▶ What you are asked to do
Your answer must be an exact transcription of the data, with every picture omitted.

▶ Data block
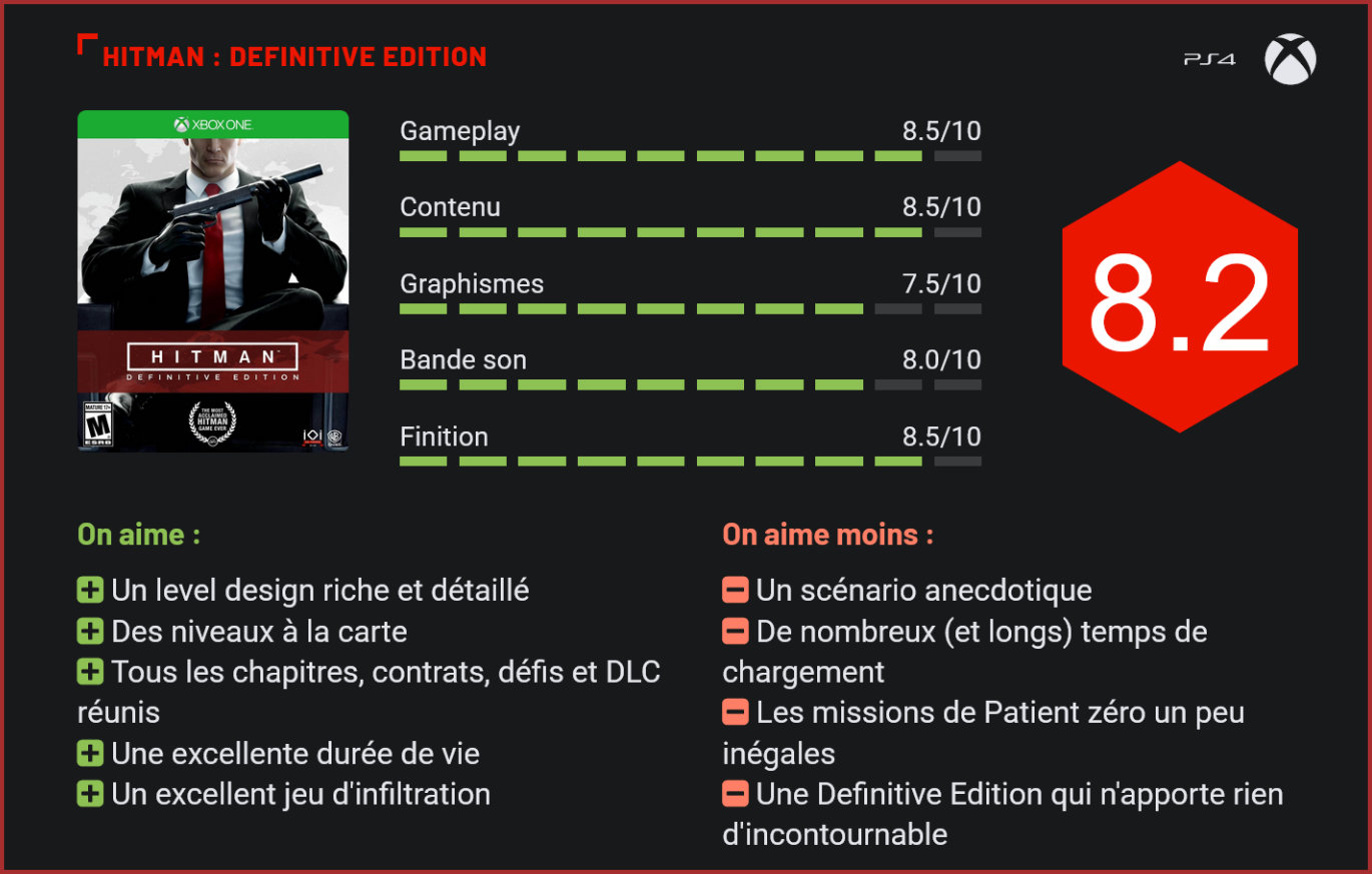Déjà sorti en format physique au tout début de l’année, l’intégralité de la saison 1 d’Hitman se voit ici agrémentée de tous ses bonus et DLC pour une expérience complète en matière d’assassinats virtuels sur PS4 et Xbox One. Sortie au début de l’année 2017, l’intégralité de la saison 1 de Hitman se voit agrémentée dans cette version physique intitulée « Definitive Edition » de toutes ses extensions, comprenant les quatre missions de la campagne Patient Zéro, les contrats bonus « Escalade » (permettant de débloquer trois armes uniques), des packs de tenues à tire-larigot ainsi que tous les défis mis à jour. Un level design assassin Rappelons que le jeu principal propose sept lieux à explorer (la base de l’ICA, Paris, Sapienza, Marrakech, Bangkok, le Colorado et Hokkaido), soit autant de terrains de jeu regorgeant de possibilités d’assassinats, toujours à effectuer en toute discrétion, il va de soi. Si le joueur impatient (qui aura tendance à rejeter en bloc ce type de jeu) peut en faire le tour relativement vite en se contentant d’un seul moyen de liquidation par « niveau », les autres, c’est-à-dire les as de l’infiltration, de l’observation et aussi un peu de la perversité, trouveront amplement leur bonheur dans ces petits paradis pour tueurs à gages en manque de challenge. C’est que cet Hitman renoue avec l’essence de la saga en proposant une expérience d’assassinat pure, propulsant le célèbre Agent 47 dans de somptueux environnements (excepté la base de l’ICA qui sert essentiellement de tutoriel) où il devra éliminer une ou plusieurs cibles sans se faire repérer ni faire de victimes collatérales. Tous les moyens sont bons et chaque environnement bénéficie d’un level design entièrement dédié au meurtre. La mécanique est dans l’ensemble toujours la même, demandant de se déguiser pour s’infiltrer toujours plus en avant, afin d’être au plus près des cibles, et se retrouver idéalement seul avec ces dernières afin de les éliminer sans faire de remous. Choisirez-vous la corde à piano, le silencieux ou ce couteau qui trainait dans la cuisine que vous avez préalablement ramassé ? A moins que vous ayez décidé d’empoisonner le cocktail préféré de votre cible ? Ce ne sont là que les moyens les plus courants afin de compléter les missions, de nombreux éléments aperçus en chemin vous mettant régulièrement la puce à l’oreille quant à une nouvelle opportunité qui peut vous faire remporter la mission en restant à distance (en activant un mécanisme ou en exploitant un élément du décor, par exemple). De la patience et de l’observation avant tout Vous l’aurez compris, le jeu demande beaucoup d’observation, de créativité mais aussi de patience, les premières sessions consistant surtout à observer chaque recoin des niveaux, chaque comportement des nombreux PNJ ainsi que les déplacements de vos cibles. Hitman propose de véritables terrains d’expérimentations en matière d’assassinats sur lesquels il faut toujours redoubler de discrétion. Même si l’IA n’est pas toujours des plus fines, le moindre faux pas est rapidement détecté et les gardes du corps ne prendront pas longtemps avant de vous faire mordre la poussière. La possibilité de paramétrer chaque niveau à l’envie (point d’entrée, avec ou sans indicateurs apparents, etc.) offre d’innombrables approches, approfondissant encore plus la richesse du titre. Et même s’il reste accessible avec notamment l’affichage des opportunités qui vous guident dans les méthodes d’assassinat en affichant vos objectifs les uns après les autres, cet Hitman est principalement à réserver aux amateurs d’infiltration qui voudront découvrir par eux-mêmes toutes les approches possibles. Le cas Patient zéro Initialement proposé en DLC, Patient Zéro vient allonger la durée de vie de cette première saison avec quatre missions. L’histoire est indépendante de la trame principale, même si elle nous replonge à Bangkok, Sapienza, dans le Colorado et enfin Hokkaido. C’est cette dernière localisation qui propose d’ailleurs le plus grand challenge, en offrant en outre une conclusion des plus intéressantes. Les autres sont plus anecdotiques, et font un peu redite. Au terme de ces quatre missions, on ne peut en tout cas qu’être impatient de découvrir ce que IO Interactive et Warner Bros. vont nous réserver pour la seconde saison, en espérant que ceux-ci planchent davantage sur un scénario digne de ce nom, cet Hitman étant en l’état assez pauvre à ce niveau-là. Pour en savoir plus sur le jeu de base, n’hésitez pas à relire notre test publié à l’époque. Conclusion Avec cette Définitive Edition, les fans d’infiltration détiennent LA simulation d’assassinat qui les tiendra en haleine durant des heures et des heures. Avec son level design riche et ses missions paramétrables à l’envie, la saison 1 dans son déroulé principal était déjà conséquente. Avec tous les contrats, missions secondaires et défis supplémentaires réunis, l’expérience globale n’en est que plus forte encore. Dommage que l’ensemble manque de liant, de véritable caractérisation des personnages et d’une narration au diapason pour pouvoir nous faire totalement vibrer. A défaut de totalement nous convaincre, cette Definitive Edition aura au moins le mérite de permettre à certains de rattraper leur retard, en attendant le second volet.
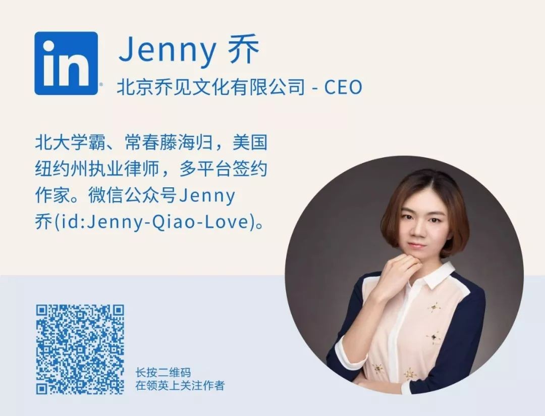 本文由LinkedIn原创,作者Jenny乔。北大学霸、常春藤海归,美国纽约州执业律师,多平台签约作家。微信公众号Jenny乔(id:Jenny-Qiao-Love)。广告发布。
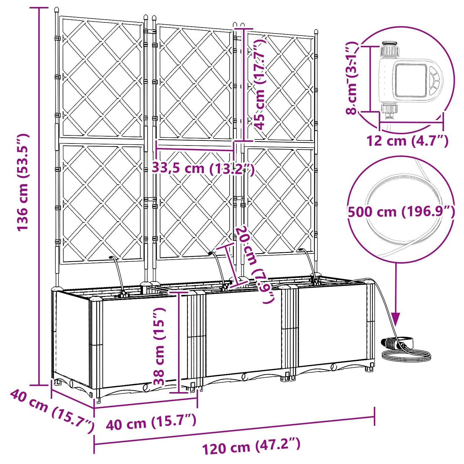 vidaXL puķu kaste, 3 līmeņi, 60x18,5x110 cm, melna, priedes masīvkoks

▶ Your solution
Déjà sorti en format physique au tout début de l’année, l’intégralité de la saison 1 d’Hitman se voit ici agrémentée de tous ses bonus et DLC pour une expérience complète en matière d’assassinats virtuels sur PS4 et Xbox One. Sortie au début de l’année 2017, l’intégralité de la saison 1 de Hitman se voit agrémentée dans cette version physique intitulée « Definitive Edition » de toutes ses extensions, comprenant les quatre missions de la campagne Patient Zéro, les contrats bonus « Escalade » (permettant de débloquer trois armes uniques), des packs de tenues à tire-larigot ainsi que tous les défis mis à jour. Un level design assassin Rappelons que le jeu principal propose sept lieux à explorer (la base de l’ICA, Paris, Sapienza, Marrakech, Bangkok, le Colorado et Hokkaido), soit autant de terrains de jeu regorgeant de possibilités d’assassinats, toujours à effectuer en toute discrétion, il va de soi. Si le joueur impatient (qui aura tendance à rejeter en bloc ce type de jeu) peut en faire le tour relativement vite en se contentant d’un seul moyen de liquidation par « niveau », les autres, c’est-à-dire les as de l’infiltration, de l’observation et aussi un peu de la perversité, trouveront amplement leur bonheur dans ces petits paradis pour tueurs à gages en manque de challenge. C’est que cet Hitman renoue avec l’essence de la saga en proposant une expérience d’assassinat pure, propulsant le célèbre Agent 47 dans de somptueux environnements (excepté la base de l’ICA qui sert essentiellement de tutoriel) où il devra éliminer une ou plusieurs cibles sans se faire repérer ni faire de victimes collatérales. Tous les moyens sont bons et chaque environnement bénéficie d’un level design entièrement dédié au meurtre. La mécanique est dans l’ensemble toujours la même, demandant de se déguiser pour s’infiltrer toujours plus en avant, afin d’être au plus près des cibles, et se retrouver idéalement seul avec ces dernières afin de les éliminer sans faire de remous. Choisirez-vous la corde à piano, le silencieux ou ce couteau qui trainait dans la cuisine que vous avez préalablement ramassé ? A moins que vous ayez décidé d’empoisonner le cocktail préféré de votre cible ? Ce ne sont là que les moyens les plus courants afin de compléter les missions, de nombreux éléments aperçus en chemin vous mettant régulièrement la puce à l’oreille quant à une nouvelle opportunité qui peut vous faire remporter la mission en restant à distance (en activant un mécanisme ou en exploitant un élément du décor, par exemple). De la patience et de l’observation avant tout Vous l’aurez compris, le jeu demande beaucoup d’observation, de créativité mais aussi de patience, les premières sessions consistant surtout à observer chaque recoin des niveaux, chaque comportement des nombreux PNJ ainsi que les déplacements de vos cibles. Hitman propose de véritables terrains d’expérimentations en matière d’assassinats sur lesquels il faut toujours redoubler de discrétion. Même si l’IA n’est pas toujours des plus fines, le moindre faux pas est rapidement détecté et les gardes du corps ne prendront pas longtemps avant de vous faire mordre la poussière. La possibilité de paramétrer chaque niveau à l’envie (point d’entrée, avec ou sans indicateurs apparents, etc.) offre d’innombrables approches, approfondissant encore plus la richesse du titre. Et même s’il reste accessible avec notamment l’affichage des opportunités qui vous guident dans les méthodes d’assassinat en affichant vos objectifs les uns après les autres, cet Hitman est principalement à réserver aux amateurs d’infiltration qui voudront découvrir par eux-mêmes toutes les approches possibles. Le cas Patient zéro Initialement proposé en DLC, Patient Zéro vient allonger la durée de vie de cette première saison avec quatre missions. L’histoire est indépendante de la trame principale, même si elle nous replonge à Bangkok, Sapienza, dans le Colorado et enfin Hokkaido. C’est cette dernière localisation qui propose d’ailleurs le plus grand challenge, en offrant en outre une conclusion des plus intéressantes. Les autres sont plus anecdotiques, et font un peu redite. Au terme de ces quatre missions, on ne peut en tout cas qu’être impatient de découvrir ce que IO Interactive et Warner Bros. vont nous réserver pour la seconde saison, en espérant que ceux-ci planchent davantage sur un scénario digne de ce nom, cet Hitman étant en l’état assez pauvre à ce niveau-là. Pour en savoir plus sur le jeu de base, n’hésitez pas à relire notre test publié à l’époque. Conclusion Avec cette Définitive Edition, les fans d’infiltration détiennent LA simulation d’assassinat qui les tiendra en haleine durant des heures et des heures. Avec son level design riche et ses missions paramétrables à l’envie, la saison 1 dans son déroulé principal était déjà conséquente. Avec tous les contrats, missions secondaires et défis supplémentaires réunis, l’expérience globale n’en est que plus forte encore. Dommage que l’ensemble manque de liant, de véritable caractérisation des personnages et d’une narration au diapason pour pouvoir nous faire totalement vibrer. A défaut de totalement nous convaincre, cette Definitive Edition aura au moins le mérite de permettre à certains de rattraper leur retard, en attendant le second volet.
 本文由LinkedIn原创,作者Jenny乔。北大学霸、常春藤海归,美国纽约州执业律师,多平台签约作家。微信公众号Jenny乔(id:Jenny-Qiao-Love)。广告发布。
 vidaXL puķu kaste, 3 līmeņi, 60x18,5x110 cm, melna, priedes masīvkoks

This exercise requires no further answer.